Bookmark and Share

Notice: On April 23, 2014, Statalist moved from an email list to a forum, based at

[Date Prev][Date Next][Thread Prev][Thread Next][Date Index][Thread Index]

Re: st: RE: using egen, total() with weights

From   Steve Samuels <>
Subject   Re: st: RE: using egen, total() with weights
Date   Thu, 9 Feb 2012 19:48:52 -0500

Sheera Joy Olasky:

Because you are ignoring the survey design, you will be unable to provide estimates of uncertainty, e.g. confidence intervals. So though you report that you "don't do -svy-", you should.

What is the connection of the list of crimes to the original survey? If the crimes were reported by the people in the original survey, then it is doubly important that you "do -svy-". Otherwise you are effectively treating the list as a simple random sample. But the reported crimes inherit the study weights of the people who reported them. Thus crimes of the same type reported by different people should receive different weights. The external inflation factors should applied to those weights, a process called post-stratification. If this isn't done, the estimated totals will be biased. .

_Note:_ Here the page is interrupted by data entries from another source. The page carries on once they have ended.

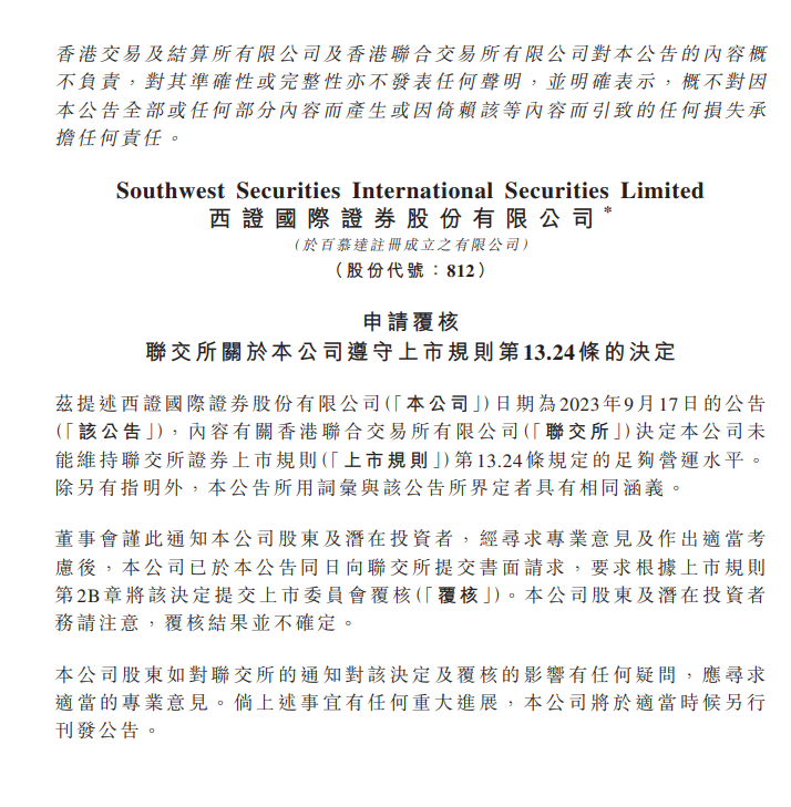 当时西证国际证券指出,该公司于9月15日收到香港联交所发出的函件,联交所作出决定,因公司未能维持联交所证券上市规则规定的足够营运水平及拥有相当价值的资产以保证其股份继续上市。除非公司就联交所的决定申请复核,否则公司股份将于9月27日暂停买卖。
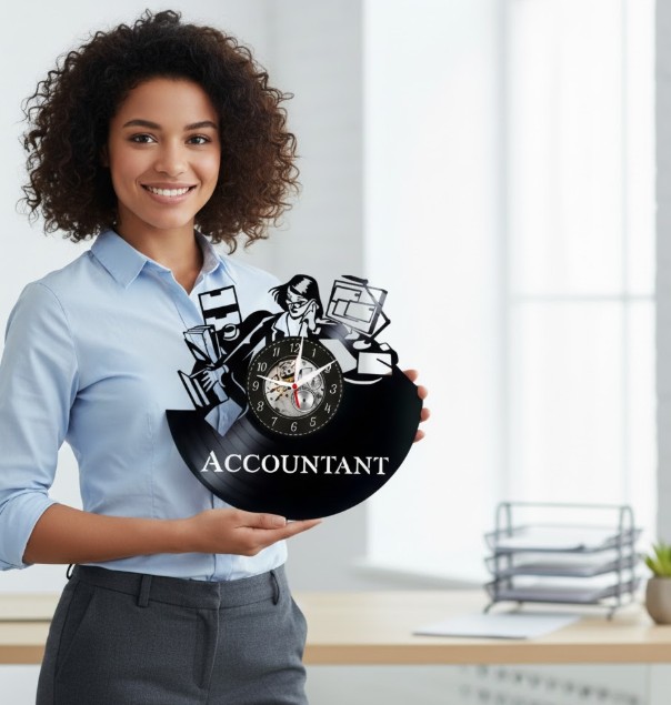 Ceas de perete cu tematică contabilitate – cadou personalizat pentru profesioniști din domeniul financiar
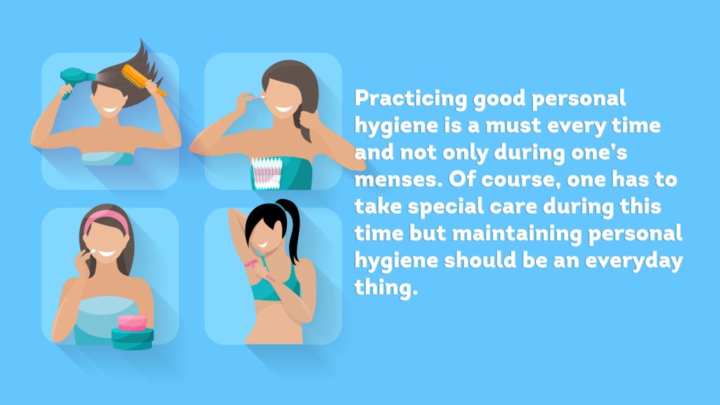 For example, you can easily overlook trimming your nails and shaving armpit and pubic hairs, when you are busy with other things. So, you can add these to your hygienic practices during your menses. And because menstruation is cyclic, being able to trim your nails and shave your pubic and armpit hairs, become a regular practice.
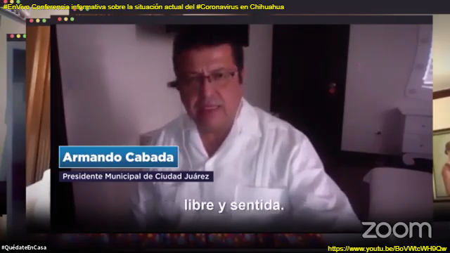 En el video compartido por el mandatario estatal, también participó el alcalde Armando Cabada, quien llamó a los juarenses a resistir y enfrentar la pandemia con generosidad y solidaridad, acatando las reglas que marcan las autoridades sanitarias.
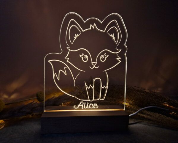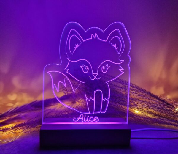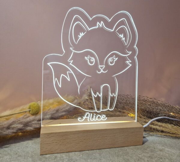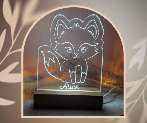 Veilleuse/lampe de table renard, personnalisable avec un prénom ou une courte phrase.
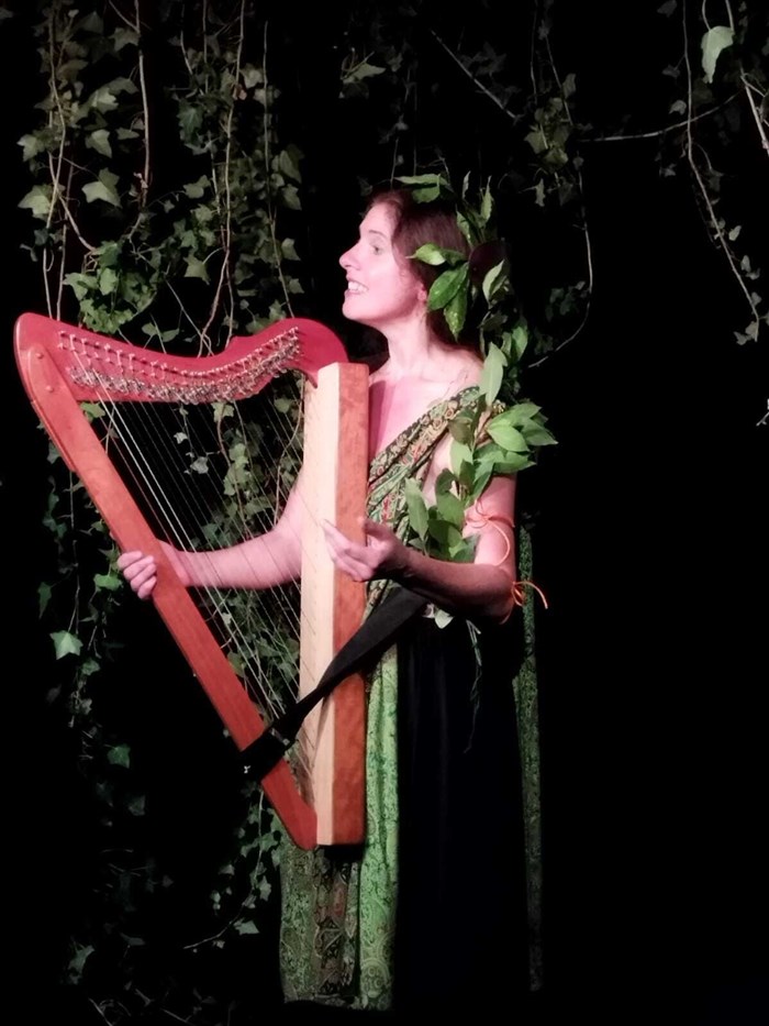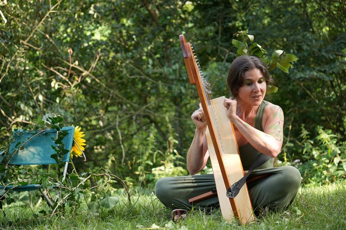 Une femme, créature des bois ?, divinité ? découvre une harpe, autrefois arbre, puis, vous conte le mythe de la nymphe grecque Daphné et du poète Orphée.
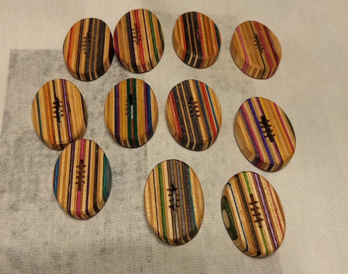 古くなったスケートボードを利用してハンドメイドで作ったラグビーボール型キーホルダーです。
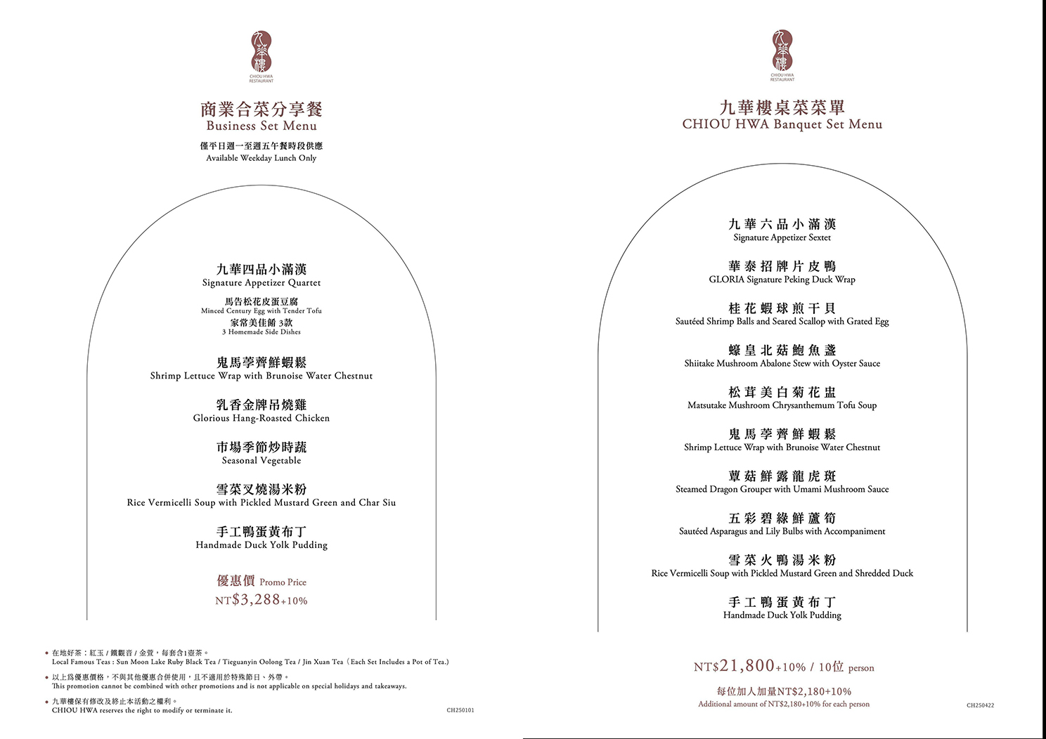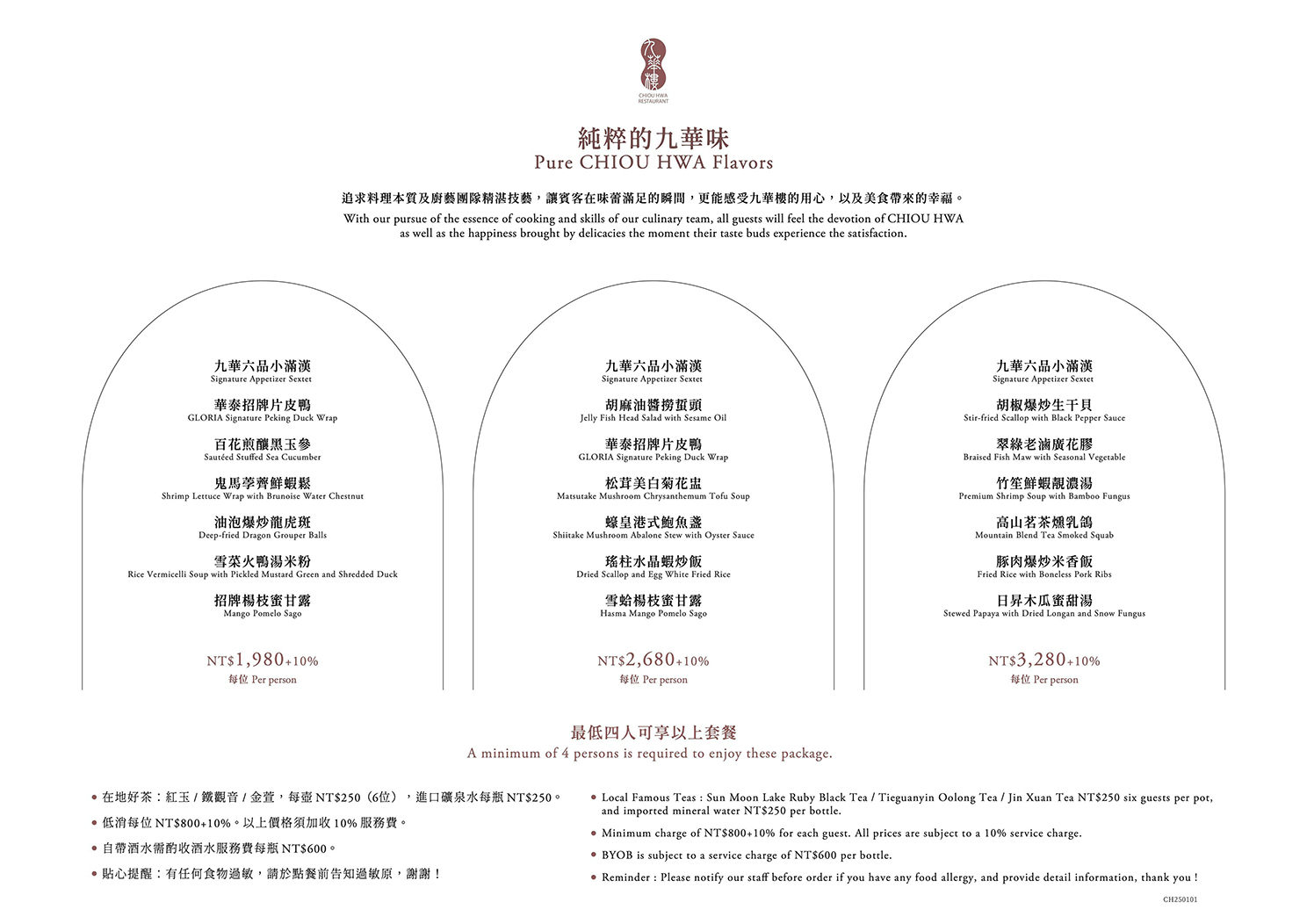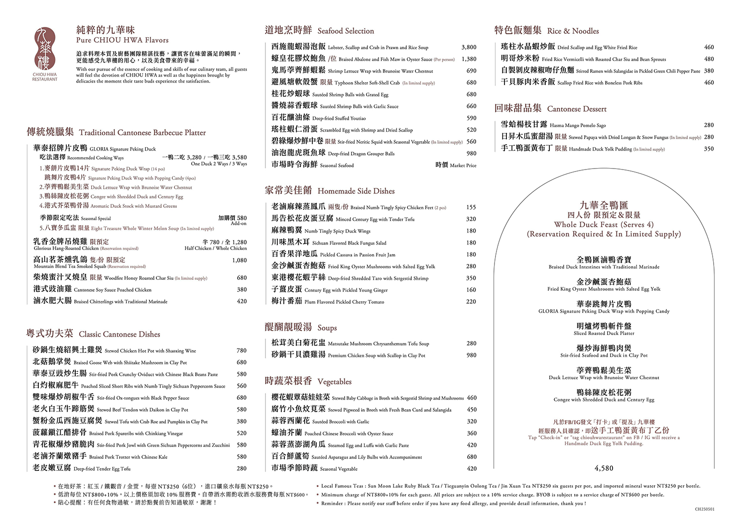 《九華樓朝富店》菜單如下,menu價格需加收10%服務費,低消每人800元+10%
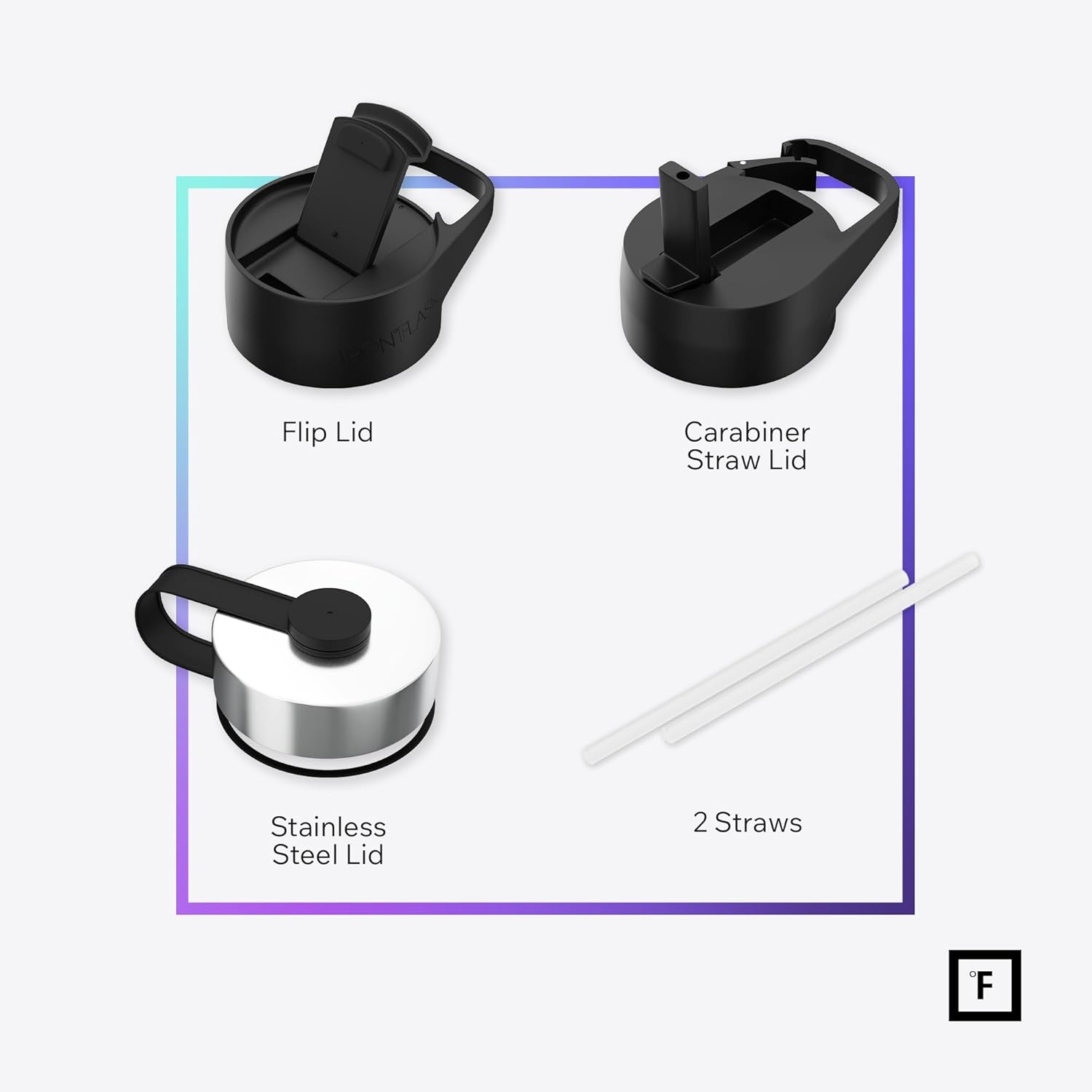 - 3 LIDS: YES, Iron Flask comes with THREE different leakproof lids. Carabiner Straw Lid with 2 Straws, Flip Lid, and a Stainless Steel Lid! *NOTE: The stainless steel lid is plastic from inside and stainless steel from outside*
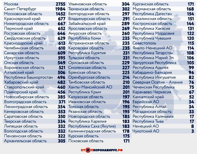 Среди других субъектов Федерации по количеству случаев заражения за последние 24 часа выделяются Санкт-Петербург (1984), Московская область (1452), Красноярский край (677), Нижегородская область (667), Пермский край (652), Ростовская область (646).
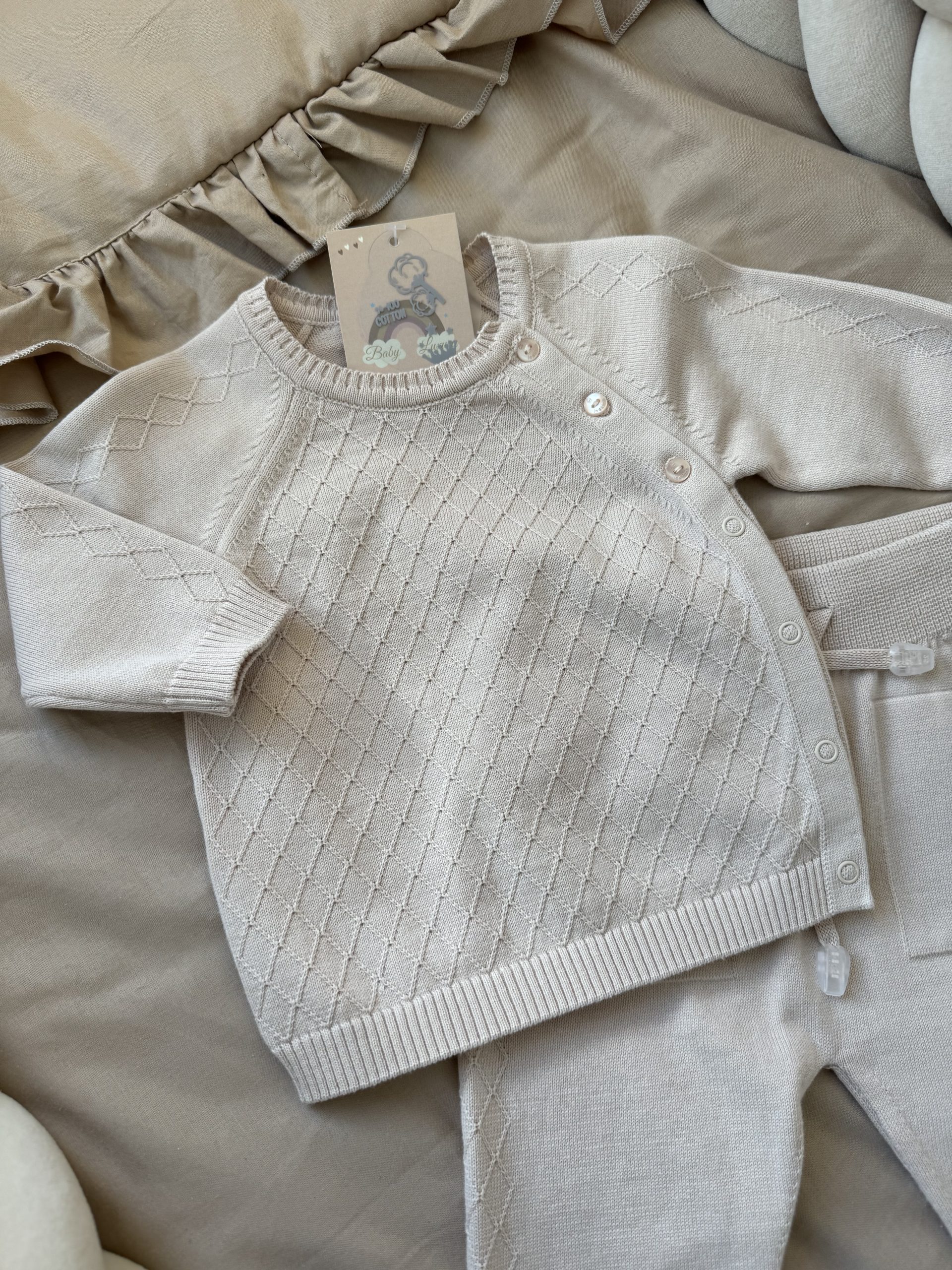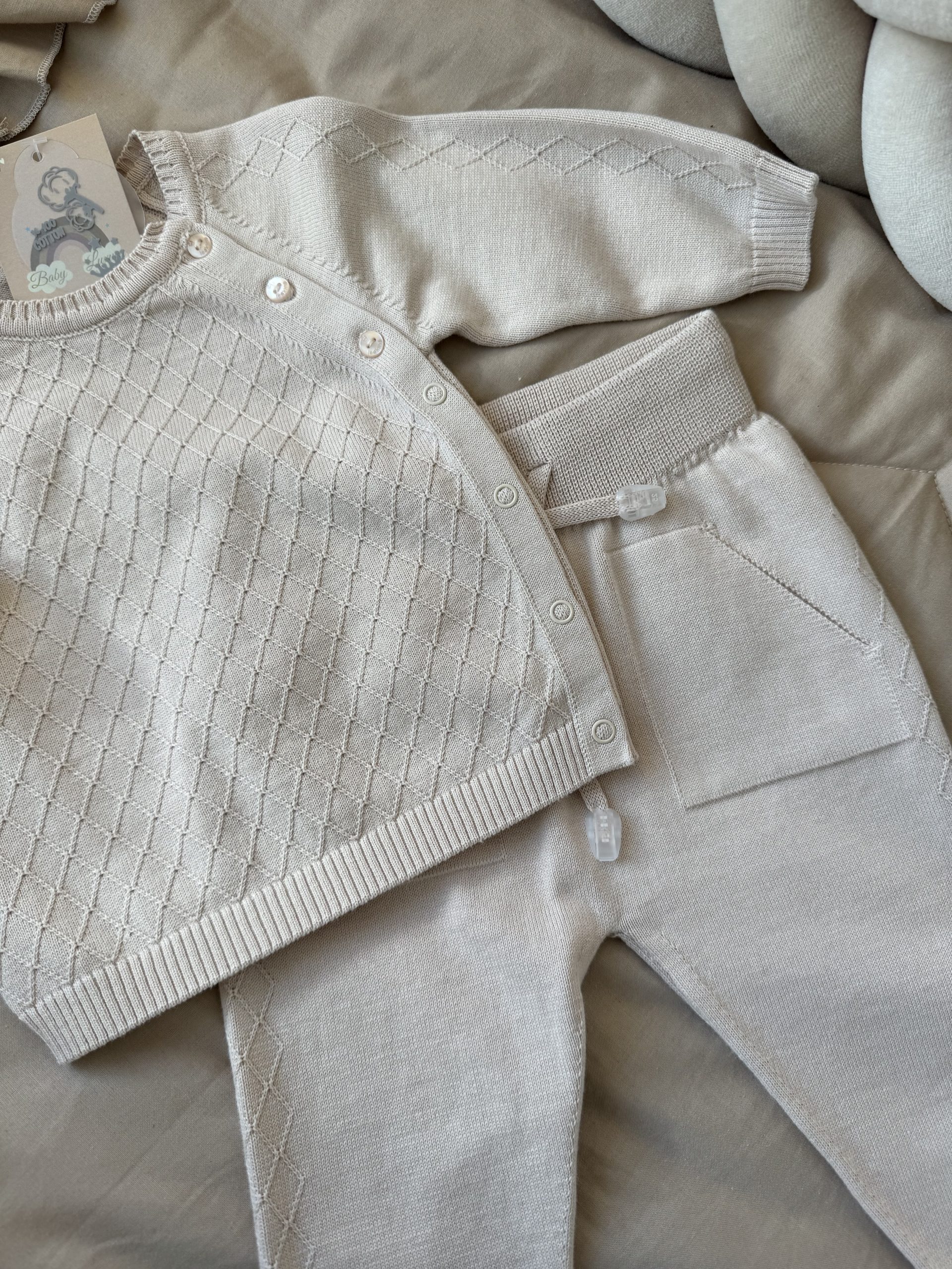 De set heeft overslag (druk)knoopjes en een gebreid patroon.

On Feb 9, 2012, at 6:47 PM, Nick Cox wrote:

Thanks for the extra detail. This is survey data but not it seems -svy- data, so belay that advice. Now sounds most like a problem for -collapse- to me. 


Sheera Joy Olasky

Thanks for this insight. I think that I may not have stated the case
correctly, which I know is not particularly helpful on a listserve.

I have a second data set of criminal events. Each entry corresponds to
one crime, and it is given a weight to account for the fact that many
crimes are not reported. Each incident is weighted up, so the annual
state total of crimes will correspond with other estimates. I would
like to use the individual crimes to create a count for each

It was here that I had the brilliant idea to try egen total. Still wrong?

Many thanks.

On Thu, Feb 9, 2012 at 6:00 PM, Nick Cox <> wrote:
> I am a fan of -egen- when it's the right tool but I wouldn't start there at all.
> As you imply, -egen- can lose precision if you use the default variable type of -float-; the remedy is not to do that, but that's not the crux here.
> -total- offers direct support for pweights. I don't do -svy- but it sounds exactly the right place to start.
> Frankly, from your report you are getting some rather strange advice.
> Nick
> Sheera Joy Olasky
> I have a set of individual level survey data, which includes
> person-weights. I would like to create population totals by year and
> state. I am using Stata 11.2.
> Originally I had thought to use bysort id: egen pop=total(weight)
> where id is the state-year.
> However, it was then suggested to me that I should be using sum
> [aweight=weight]. This seems more complicated to me, since I'm not
> sure how/if I could make new variables with the sum output in the same
> way that I get a new variable with egen total (weights). Use of
> scalars was recommended, but I have no experience with them.
> Initially, when I compared the values I got with egen total(weight)
> and sum [aweight=weight], they were very close--maybe off by about 4
> people out of over 80,000,000. This imprecision is okay in this
> scenario, but it got me concerned. I thought that perhaps there was
> too much rounding happening with egen, so I generated the
> total(weight) as double. The increased precision seems to have helped,
> and now egen total(weight) and sum [aweight=weight] appear to give me
> the same results when I spot check.
> I don't feel completely confident, though. Before I go ahead and use
> egen, I'd like to know if this is okay or ill-advised. I'd be curious
> to know others' preferred way of handling this.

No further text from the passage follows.